Gary Shea on stage with Alcatrazz in Tokyo in March 2017. Photo: Stefan Nilsson, Roppongi Rocks

The reunited Alcatrazz has recently performed some US shows as well as the Japanese tour, but the future is still uncertain. “Nothing’s booked right now” says Gary who clearly seems keen on doing more Alcatrazz shows.

Japan loved Alcatrazz from the start and this is also where the band recorded the live album “Live Sentence” as well as the concert videos “Metallic Live” and “Power Live” – all recorded during the band’s two Japan tours in 1984. Gary has fond memories from Japan. “Obviously playing for the first time on the first tour when Yngwie was in the band.
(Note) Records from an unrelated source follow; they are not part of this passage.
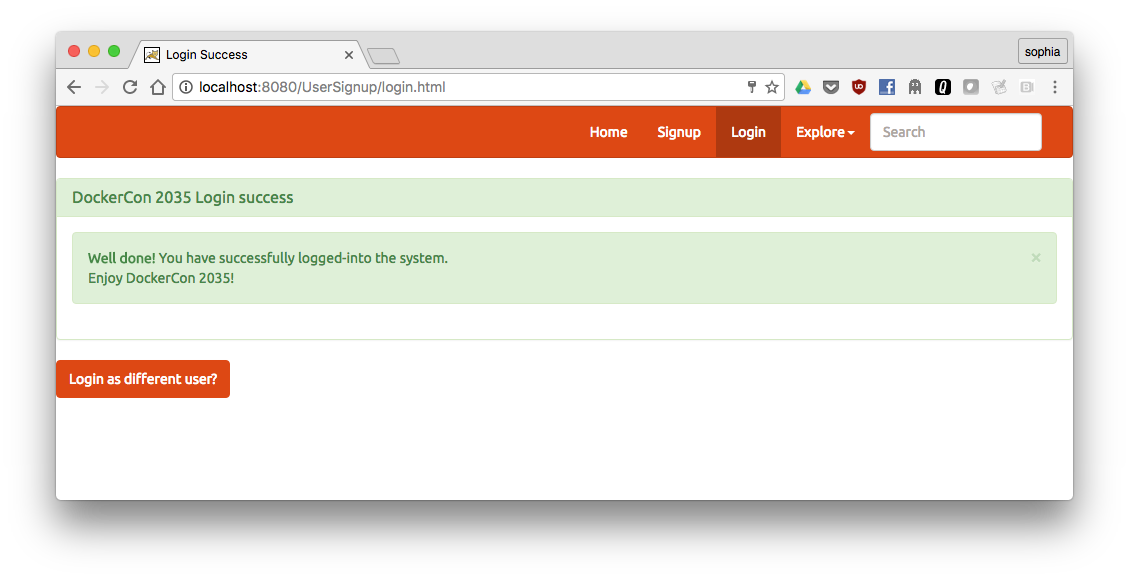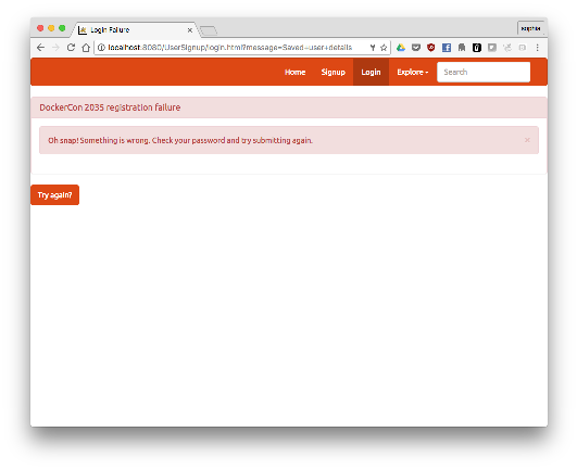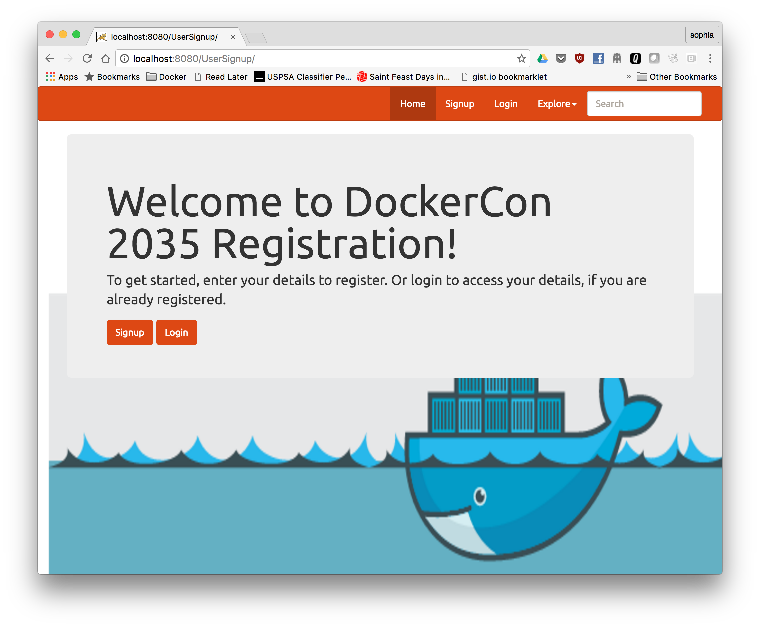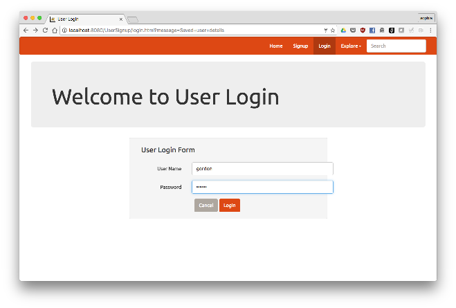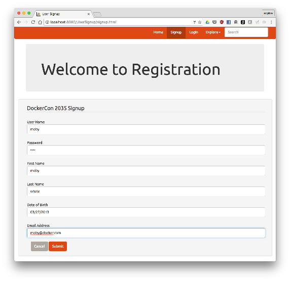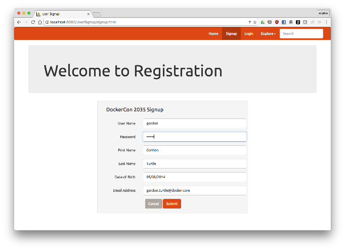 In the application, click on Signup to create a new user. Fill out the registration form and click Submit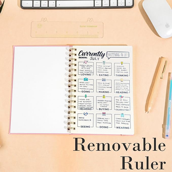 - Removable Ruler and Pocket--The bullet dotted journal has many useful features,Elastic band keep the cover from opening, saving space when you put it in your bag.Internal pockets store small cards and important note-taking notes.Removable ruler can help you measure and chart.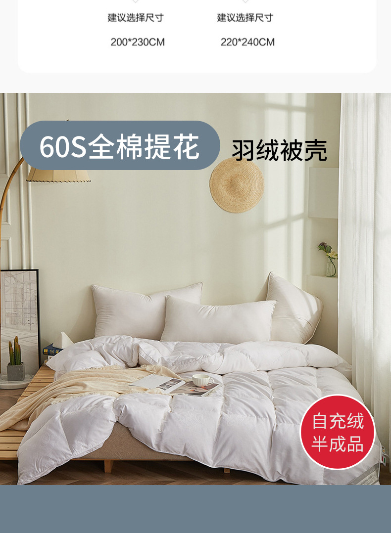 商品名称:(总)颐羽达 加工定制60s全棉双层提花鹅绒被被壳 自充绒羽绒被半成品被壳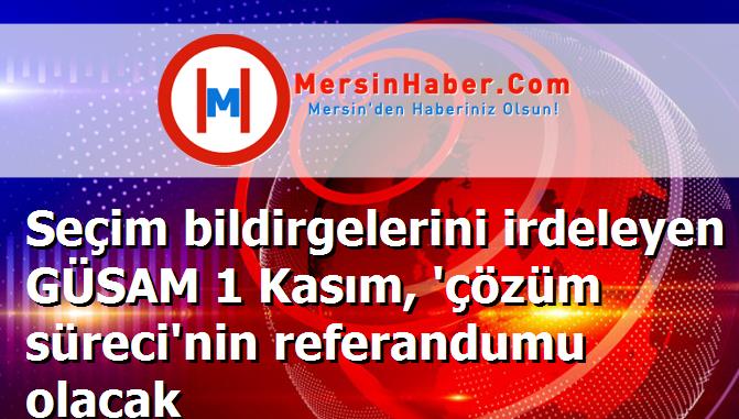 Yapılan analizde, 1 Kasım seçimlerinin, 7 Haziran seçimlerinden en önemli ayrılığının, 7 Haziran sonrasında çözüm süreci diye adlandırılan çatışmasızlık döneminin sona ermesi ya da erdirilmiş olması olduğuna dikkat çekilerek, "Bu sebeple 1 Kasım seçimleri, diğer faktörler de gözden kaçırılmamakla birlikte AKP, HDP ve Öcalan’ın birlikte yürüttüğü ‘Çözüm Süreci’ politikaları için bir referandum niteliği taşımaktadır. Vatandaşlarımız bu seçimlerde çözüm süreci hakkında ve devamı konusunda tercihlerini ortaya koyacaklardır. Yeni oluşacak parlamentonun aritmetiği, büyük ölçüde bu tercihlerin yansımasıyla teşekkül edecektir." denildi.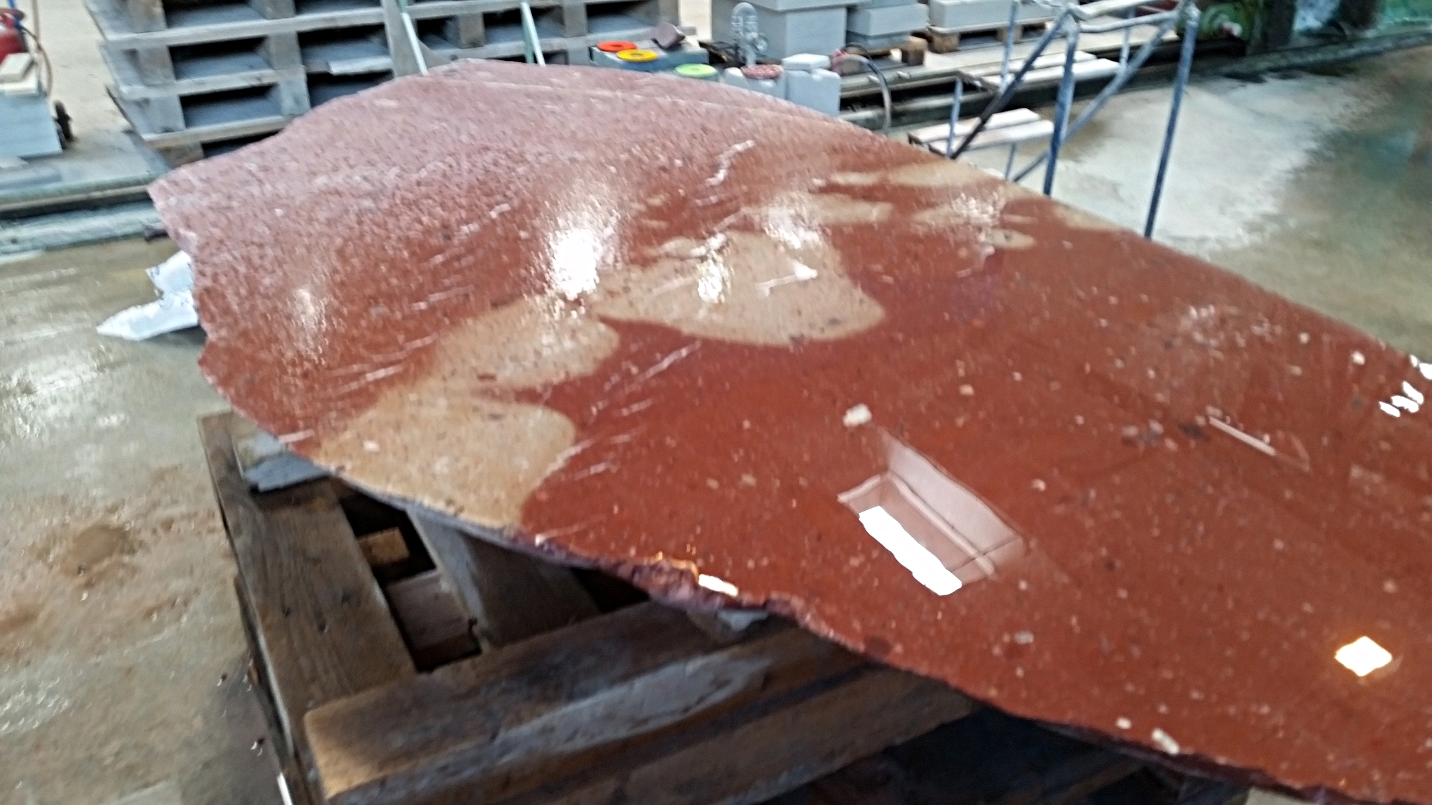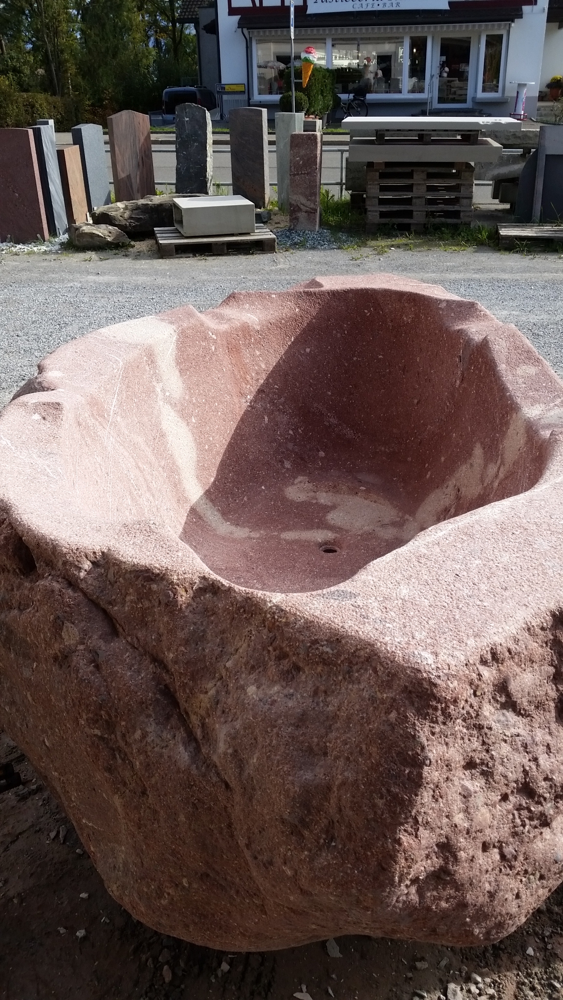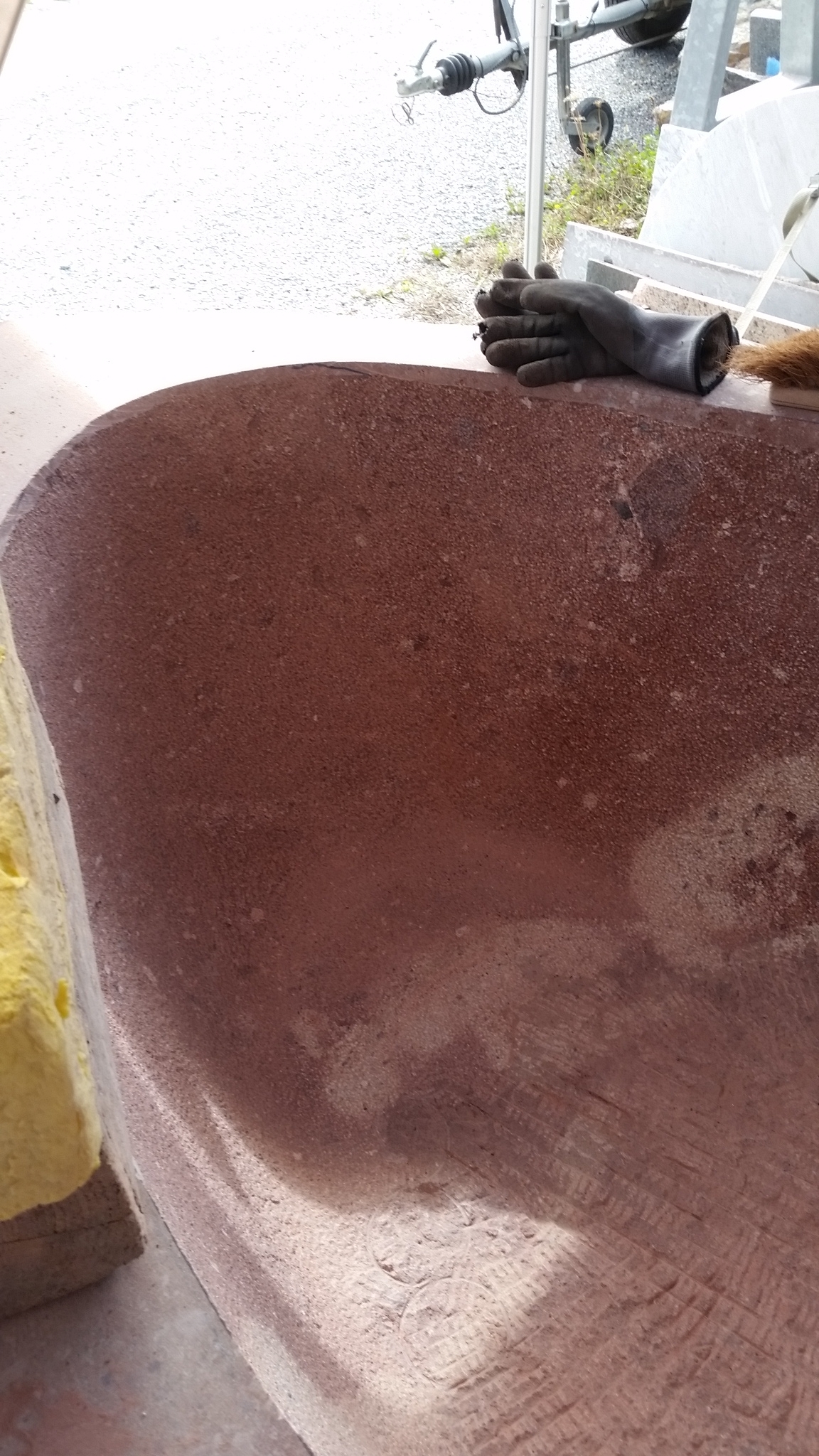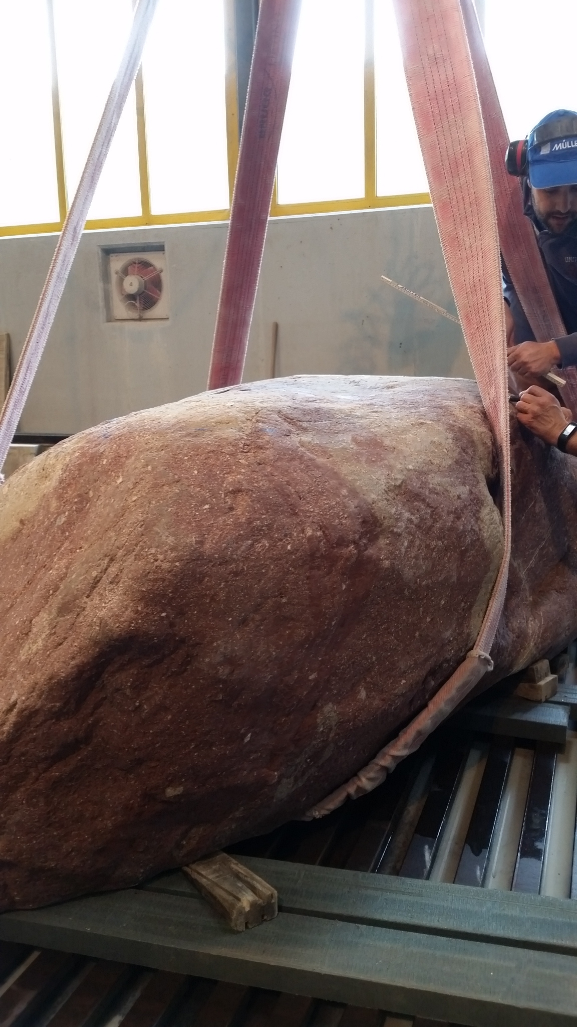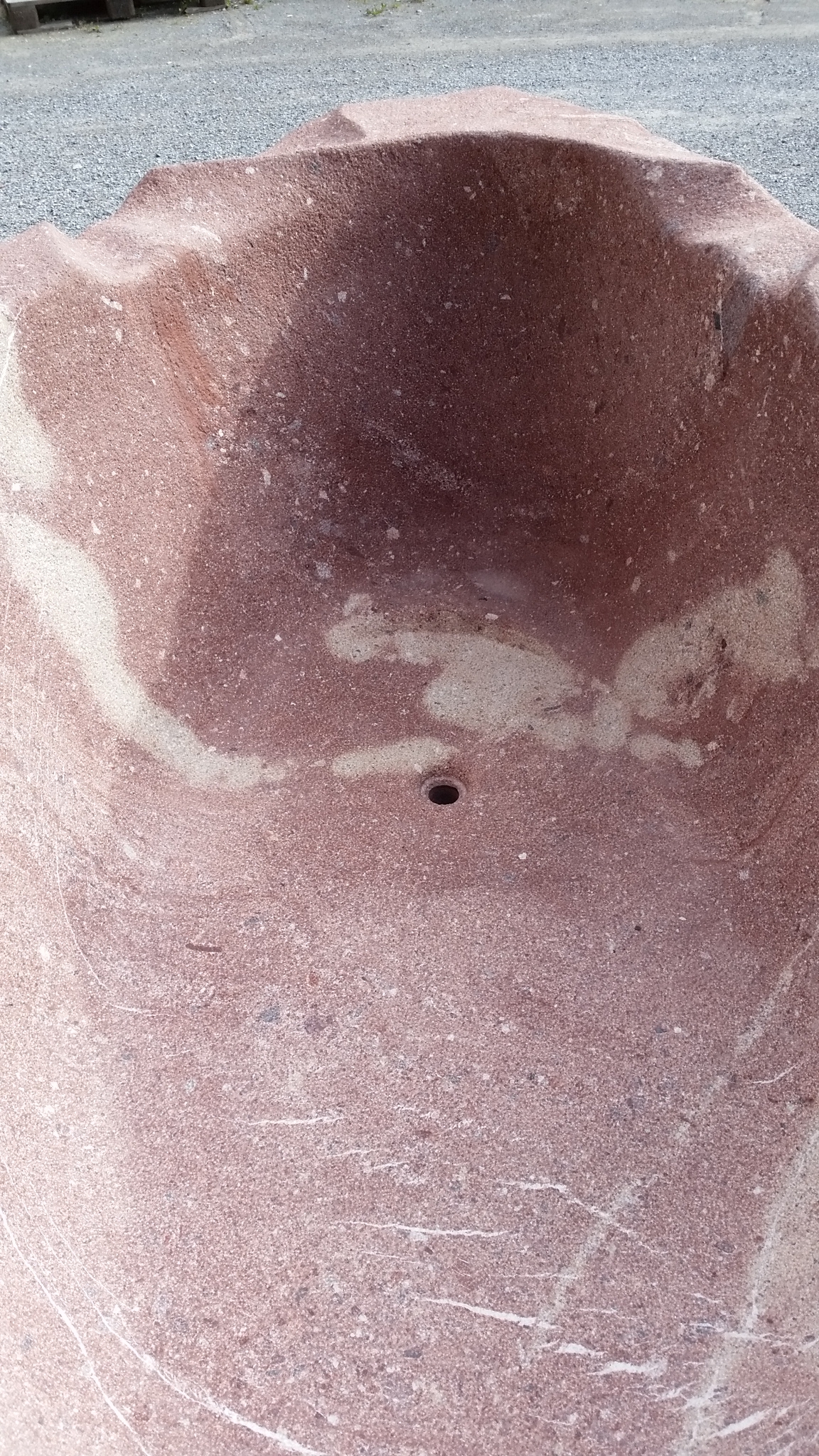 Aus dem Glarner Rotrisi Findling, der ursprünglich 5.8 Tonnen wog, wurde eine Badewanne für einen Neubau angefertigt.

We played at the Sun Plaza. It was amazing. It was my first time in Japan. To see how Japanese people are with music, it’s unlike any other place on Earth. There’s no other country that rocks like Japan. They can talk about Detroit and all that stuff, not even close. People love music here, they listen to music and they have much respect for the artist, the musicians, listening to them play. They really respect the acts they know, the artists that play. That was a great time, an eye-opening experience, a whole culture shock. I love Japan.”

According to several sources, former Iron Maiden drummer Clive Burr was an early member of Alcatrazz. Not the case says Gary who explains that Burr’s involvement lasted for about “two minutes or one day”. “He was just one of the guys who auditioned for us. We had Aynsley Dunbar, we had Bill Lordan from Robin Trower’s band. Who else came? We had Ed Cassidy from Spirit who played for us. That was different. Bill Lordan was in the band for about a month, but he wanted to do a religious retreat in Jerusalem or something and off he went. And Clive came in, he flew in from London and played. It was OK but we just thought it wasn’t the guy, we wanted to keep looking. But somehow somebody said he was in the band and all this stuff. Great publicity, you know. The manager wanted him in the band so he could say ‘Iron Maiden and Alcatrazz’. We had to tell him: ‘Stop!’ That’s where the rumour came from. There was never anything more than one day. Great guy, it just wasn’t the right guy for it at the time.”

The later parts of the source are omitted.